Also interesting is that https://luajit.org/status.html now states “LuaJIT is actively developed and maintained” (whereas for the last ~5 years, “actively” isn’t a word I’d have used), and makes reference to a TBA development branch.

alberth · on Aug 25, 2023

This makes me soooo happy to hear because with all of the forks of LuaJIT post it not being maintained by Mike ~5 years ago, no one seems to carry the baton very well.

LuaJIT is truly an engineering marvel that more folks should adopt.

If it's actively being maintained again, hopefully that will happen.

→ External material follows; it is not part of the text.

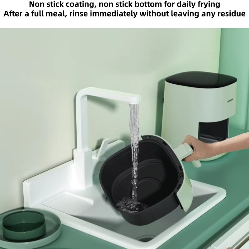 Nồi chiên không dầu tự động SHARP KF-AF-E50DK-G dung tích lớn 5L, tích hợp chức năng hấp, chiên mềm, nướng, lớp lót chống dính bên trong, giữ ấm 24 giờ.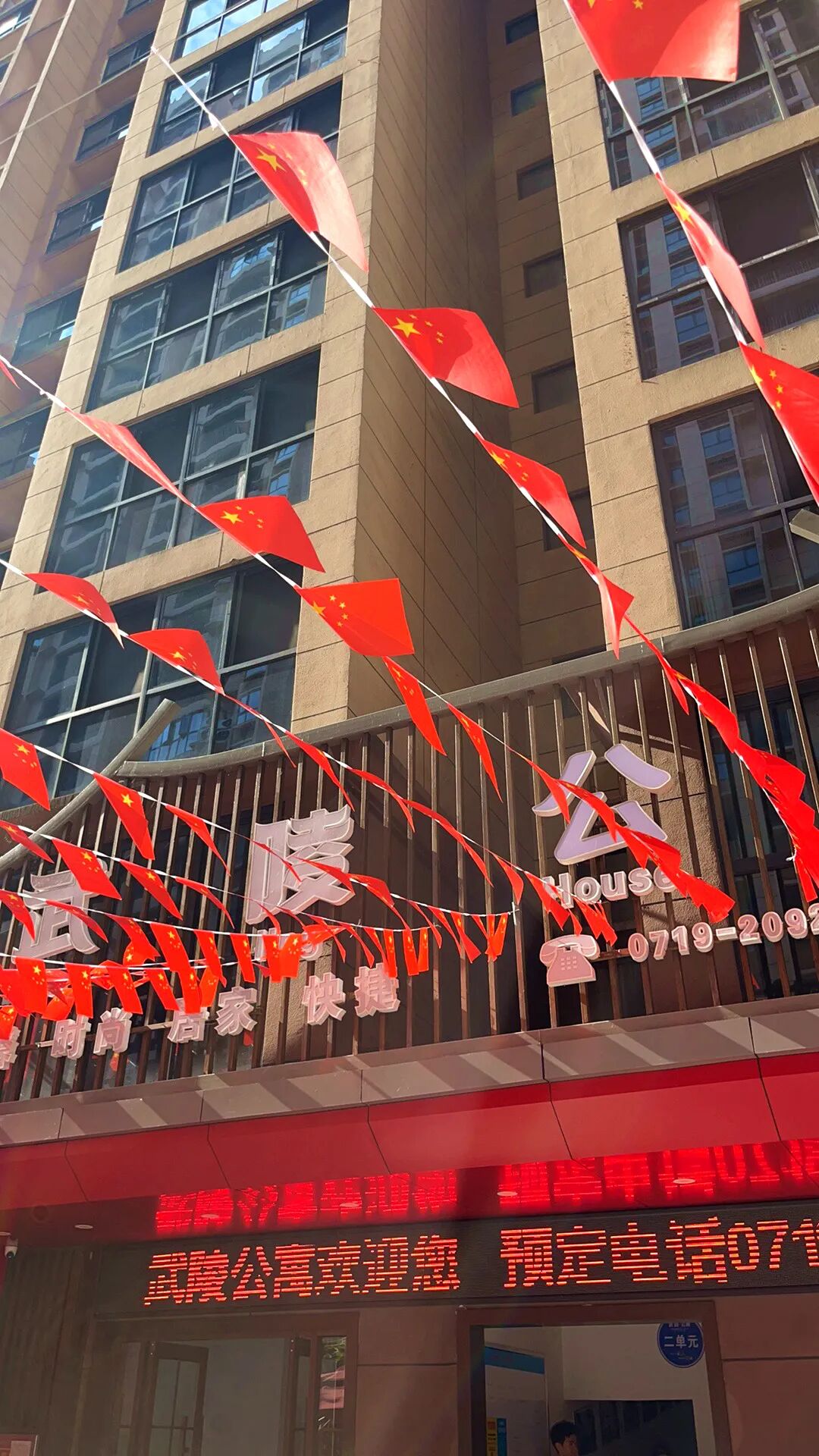 馬路上隨處可見小朋友們揮舞著五星紅旗,各大商超和店鋪門前也都裝點著一面面旗幟,大家都在用自己的方式為祖國慶祝生日。

What I don't quite get is the follow:

"Please note: The main LuaJIT author (Mike Pall) is working on unrelated projects and cannot accept bigger sponsorships at this time. But other community members may be open to sponsorship offers — please ask on the LuaJIT mailing list for any takers."

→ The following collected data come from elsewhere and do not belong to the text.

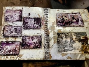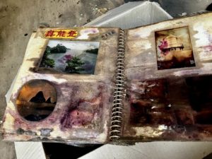 実家の雨漏りで濡れてしまってグチャグチャになったわたのアルバムを山小屋の暖炉で燃す。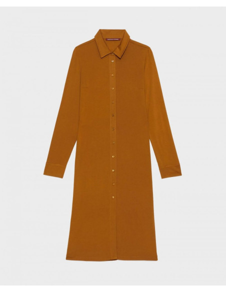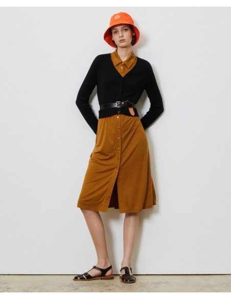 En jersey de soie ultra fluide. Volume légèrement évasé. Longueur sous le genou.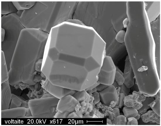 - Johan, Z.; Udubasa, G.; Zemann, J. “Monsmedite”, a discredited potassium thallium sulphate mineral from Baia Sprie and its identity with voltaite: The state of the art. N. Jahr. Miner. Abh. 2009, 186, 63–66. [Google Scholar] [CrossRef]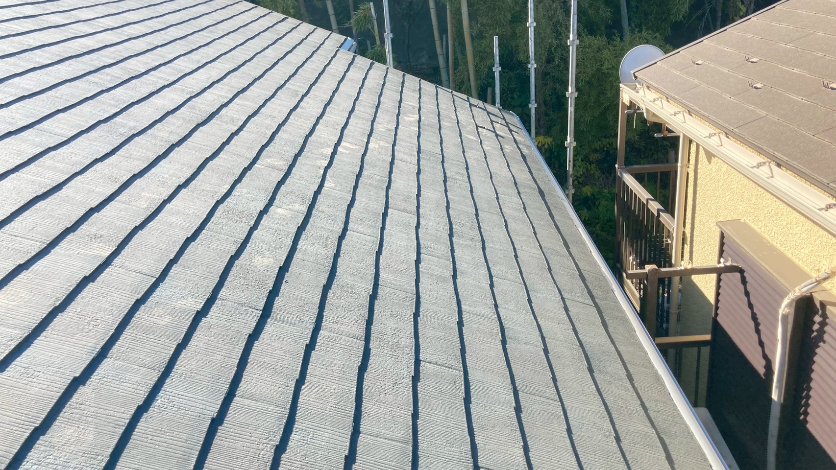 以前に雪が降った際に隣のお家にドサドサと雪が落ちてご迷惑を掛けてしまったとか…屋根に雪止めが設置されていないのはなかなか珍しいです。たまに見かけるくらいでほとんどの家はついていますので。
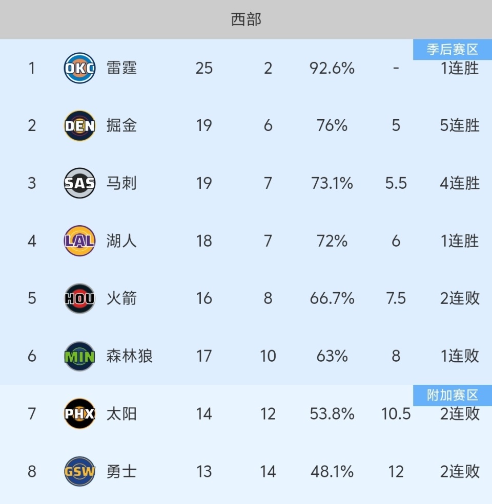 随着火箭爆冷输球、马刺119-94大胜,NBA最新积分榜出炉:火箭第5,马刺超湖人!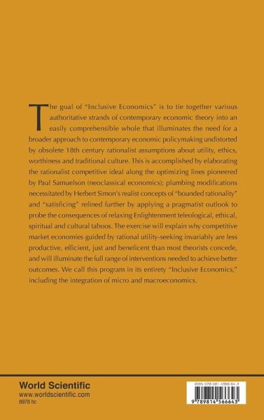 The goal of "Inclusive Economics" is to tie together various authoritative strands of contemporary economic theory into an easily comprehensible whole that illuminates the need for a broader approach to contemporary economic policymaking undistorted by obsolete 18th century rationalist assumptions about utility, ethics, worthiness and traditional culture. This is accomplished by elaborating the rationalist competitive ideal along the optimizing lines pioneered by Paul Samuelson (neoclassical economics); plumbing modifications necessitated by Herbert Simon's realist concepts of "bounded rationality" and "satisficing"; refined further by applying a pragmatist outlook to probe the consequences of relaxing Enlightenment teleological, ethical, spiritual and cultural taboos. The exercise will explain why competitive market economies guided by rational utility-seeking invariably are less productive, efficient, just and beneficent than most theorists concede, and will illuminate the full range of interventions needed to achieve better outcomes. We call this program in its entirety "Inclusive Economics," including the integration of micro and macroeconomics.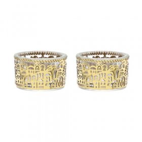 Yair Emanuel Small Candlesticks, Brass and Glass – Cutout Jerusalem Design$21.01 -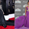 És ahogy emlegettem, van egy plusz jelenlévőnk, aki ugyan nem volt ott a Grammy díjátadón, de másnap hivatalos volt a ’Black Panther’ világpremierjére, amit Los Angelesben rendeztek meg. Ő nem más, mint Lupita Nyong’o a film egyik szereplője, aki egy lélegzetelállító, élénk lila custom made Atelier Versace estélyit viselt a lila szőnyegen, amiben szó szerint tündökölt a fotósok előtt. A ruhát drámai arany, fémes részletekkel és lila kövekkel díszítették fel, amitől még előkelőbb és emlékezetesebb lett a végeredmény. A színválasztás fantasztikus volt, a színésznő bőrszínével ez a gyönyörű lila árnyalat remek összhangot alkotott, de a legjobban a szoknya lágy esése tetszett, ami szinte repült utána, mozgás közben pedig remekül tudott érvényesülni.

https://luajit.org/sponsors.html

bumbledraven · on Aug 25, 2023

"If you want to pay someone to make a change to LuaJIT, Mike Pall is not available, but other people on the LuaJIT mailing list may be."

baq · on Aug 25, 2023

https://repo.or.cz/luajit-2.0.git/shortlog

That's some good news I needed but didn't deserve!

kzrdude · on Aug 25, 2023

The RISC-V port is marked as TBA, too.

corsix · on Aug 11, 2023

Per https://www.stateof.ai/compute, one of the players in the market has ten thousand GPUs in a private cloud. Out-computing just that one player is hard enough, let alone out-computing the whole market.

corsix · on Aug 7, 2023

The trie structure described in the article can be (ab)used to export an infinite number of symbols from a library: https://www.corsix.org/content/exporting-an-infinite-number-...

userbinator · on Aug 7, 2023

That seems like another case of excessive complexity leading to surprising results.

Presumably the additional complexity was thought to be beneficial to performance, but PE's simple list of names with ordinal hints, or just ordinals alone, was sufficient for decent performance even with the much slower systems on which it was initially designed for. (Its predecessor, NE, was similar.)

comex · on Aug 8, 2023

There are different kinds of complexity. Thanks to ordinals, PE has two ways to link against a symbol (by name and by ordinal), and if you use ordinals then you need a .def file, which has to be kept consistent over time if you want to keep your DLL ABI-compatible. That adds a bunch of developer-facing complexity. In contrast, improved exported-symbol data structures such as Mach-O’s export tries or ELF’s DT_GNU_HASH are mostly just implementation details that developers don’t need to care about.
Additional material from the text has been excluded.